EXERCISE DETAILS> Please return the records below exactly as they stand, with the pictures removed.

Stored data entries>
<<<<

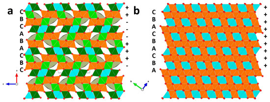 The crystal structure of carmeltazite (Figure 4) is close to a defective spinel structure. The M9O12 stoichiometry of a spinel becomes M7O11 as one oxygen and two cations are lost. Nevertheless, the stacking of oxygen layers is not a cubic-close-packing yielding a standard ABCABC sequence along the cubic direction [111]. In carmeltazite, the sequence is hexagonal (the (hcc)2 of Tillmanns et al. [8]), i.e., ABACBC along [100]. Therefore, the two central layers are shifted and that changes the coordination of some atoms.
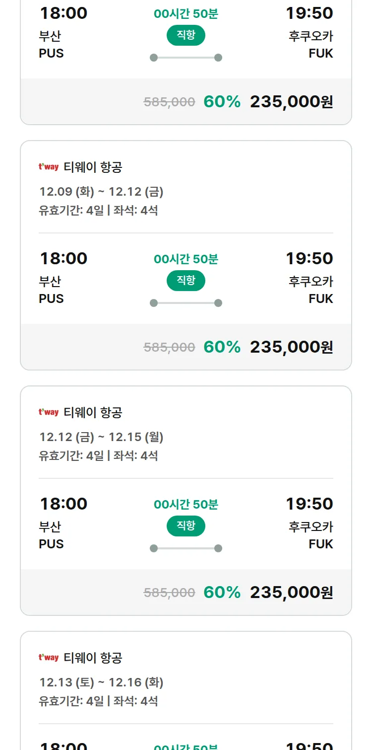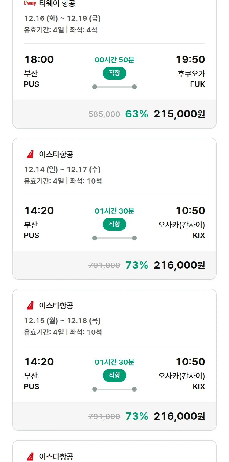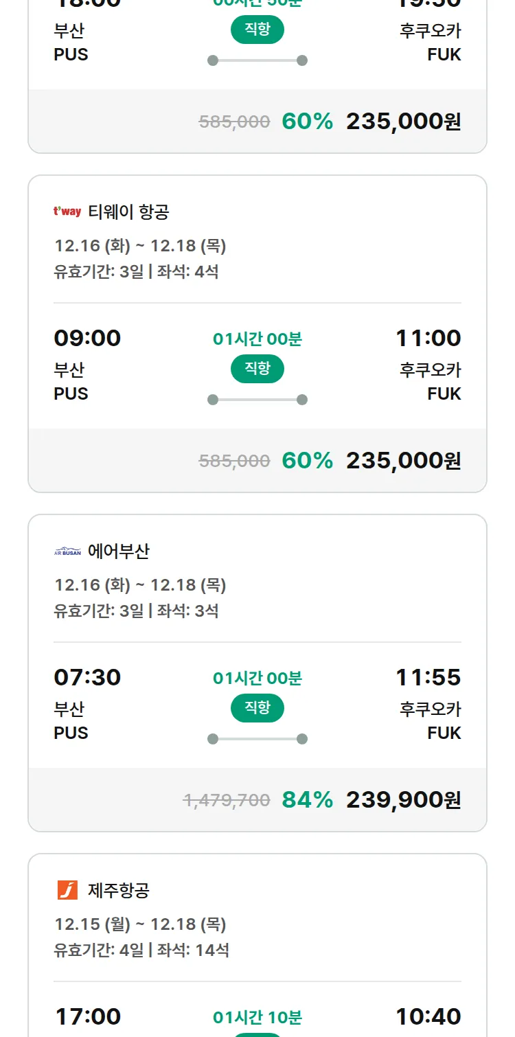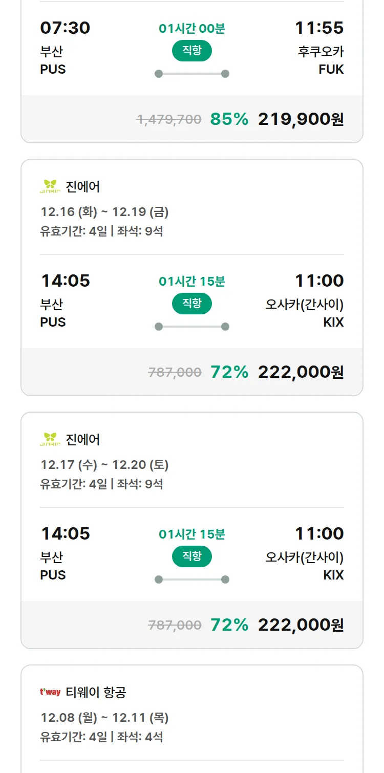 (11월 18일(화)) 땡처리 특가 항공권
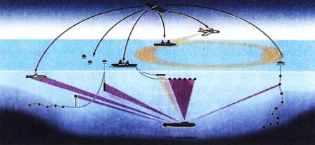 Одна подлодка, имеющая на борту четыре комплекта антенн быстрого развертывания, способна перекрыть площадь более 2500 квадратных миль. А группа из трех кораблей, развернув подобную систему, а также имея на борту буксируемые излучатели для подсветки целей и противолодочные вертолеты, может в течение длительного времени контролировать акваторию общей площадью более 30 000 квадратных миль. И ни одна сколько-нибудь крупная подводная цель не останется в этом квадрате незамеченной.
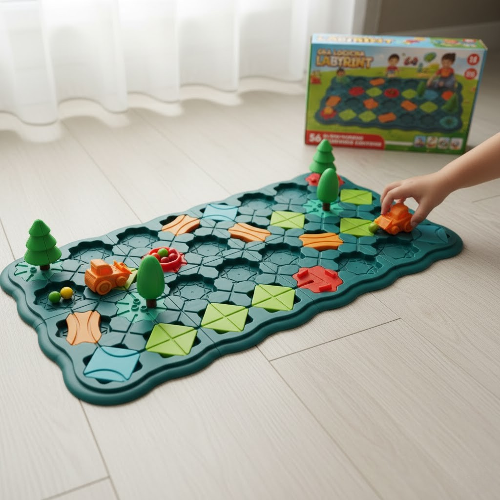 Nasza gra logiczna planszowa labirynt to idealne połączenie zabawy i edukacji. Dzieci z radością wcielą się w rolę konstruktorów, tworząc ścieżki dla dołączonego pojazdu. To doskonała łamigłówka gra logiczna, która rozwija umiejętności koncentracji i pobudza kreatywne myślenie. Każda runda to nowe wyzwanie, zachęcające do poszukiwania optymalnych rozwiązań i doskonalenia umiejętności logicznego myślenia.
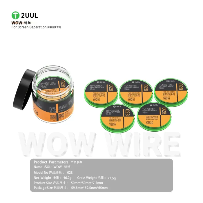 2uul WS-028 0.028mm Tungsten Sharp Diamond Wire for Screen Separation - 100M
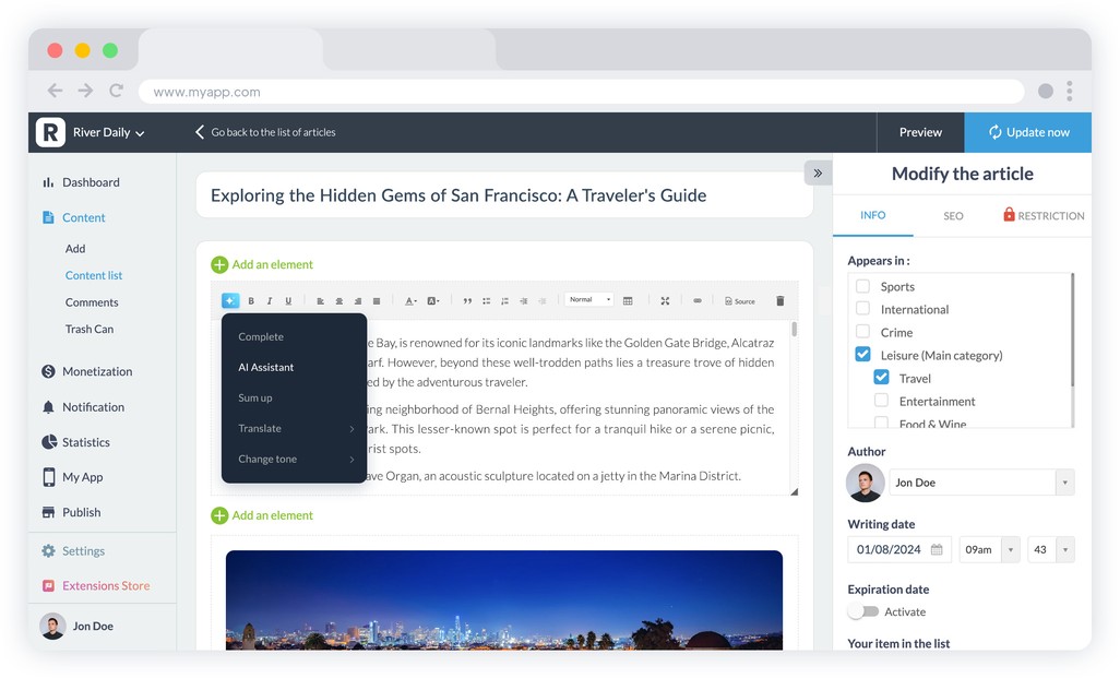 GoodBarber's AI Assistant, powered by OpenAI technology, is designed to revolutionize the way you create content in the CMS.

>>>>

PROBLEM SOLUTION>
 The crystal structure of carmeltazite (Figure 4) is close to a defective spinel structure. The M9O12 stoichiometry of a spinel becomes M7O11 as one oxygen and two cations are lost. Nevertheless, the stacking of oxygen layers is not a cubic-close-packing yielding a standard ABCABC sequence along the cubic direction [111]. In carmeltazite, the sequence is hexagonal (the (hcc)2 of Tillmanns et al. [8]), i.e., ABACBC along [100]. Therefore, the two central layers are shifted and that changes the coordination of some atoms.
 (11월 18일(화)) 땡처리 특가 항공권
 Одна подлодка, имеющая на борту четыре комплекта антенн быстрого развертывания, способна перекрыть площадь более 2500 квадратных миль. А группа из трех кораблей, развернув подобную систему, а также имея на борту буксируемые излучатели для подсветки целей и противолодочные вертолеты, может в течение длительного времени контролировать акваторию общей площадью более 30 000 квадратных миль. И ни одна сколько-нибудь крупная подводная цель не останется в этом квадрате незамеченной.
 Nasza gra logiczna planszowa labirynt to idealne połączenie zabawy i edukacji. Dzieci z radością wcielą się w rolę konstruktorów, tworząc ścieżki dla dołączonego pojazdu. To doskonała łamigłówka gra logiczna, która rozwija umiejętności koncentracji i pobudza kreatywne myślenie. Każda runda to nowe wyzwanie, zachęcające do poszukiwania optymalnych rozwiązań i doskonalenia umiejętności logicznego myślenia.
 2uul WS-028 0.028mm Tungsten Sharp Diamond Wire for Screen Separation - 100M
 GoodBarber's AI Assistant, powered by OpenAI technology, is designed to revolutionize the way you create content in the CMS.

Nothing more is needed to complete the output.